Set down again exactly the lines of the listing below that fall between the line holding "Høsttakkefest ved Brandval Bygdekvinnelag." and the line holding "Imagen 6 Estructura del pozo de toma", inclusive.

Input records Block Start

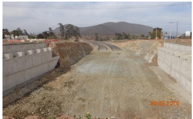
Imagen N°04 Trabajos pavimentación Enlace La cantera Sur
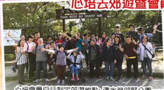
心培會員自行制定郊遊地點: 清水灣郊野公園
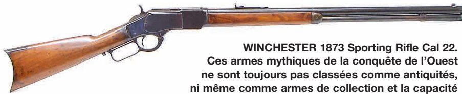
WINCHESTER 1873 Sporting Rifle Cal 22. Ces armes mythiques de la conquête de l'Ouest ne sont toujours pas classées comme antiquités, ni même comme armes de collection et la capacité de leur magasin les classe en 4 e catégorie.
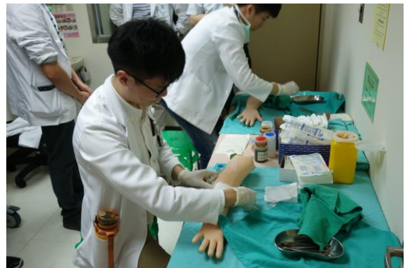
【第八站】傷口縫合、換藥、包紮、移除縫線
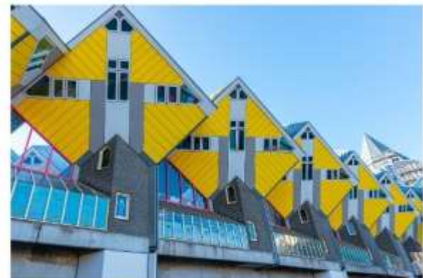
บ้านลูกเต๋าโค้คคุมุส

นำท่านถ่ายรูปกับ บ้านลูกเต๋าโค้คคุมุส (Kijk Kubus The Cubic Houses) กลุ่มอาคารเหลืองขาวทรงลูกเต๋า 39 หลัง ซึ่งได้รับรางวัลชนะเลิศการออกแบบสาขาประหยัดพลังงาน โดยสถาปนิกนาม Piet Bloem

Input records Block End
Input records Block Start

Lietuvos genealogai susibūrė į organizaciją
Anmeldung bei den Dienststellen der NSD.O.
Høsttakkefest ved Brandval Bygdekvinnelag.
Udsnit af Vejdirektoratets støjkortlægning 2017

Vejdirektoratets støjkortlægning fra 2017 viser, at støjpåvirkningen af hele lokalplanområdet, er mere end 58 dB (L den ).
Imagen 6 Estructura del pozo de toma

Input records Block End

**Solution to the problem:**
Høsttakkefest ved Brandval Bygdekvinnelag.
Udsnit af Vejdirektoratets støjkortlægning 2017

Vejdirektoratets støjkortlægning fra 2017 viser, at støjpåvirkningen af hele lokalplanområdet, er mere end 58 dB (L den ).
Imagen 6 Estructura del pozo de toma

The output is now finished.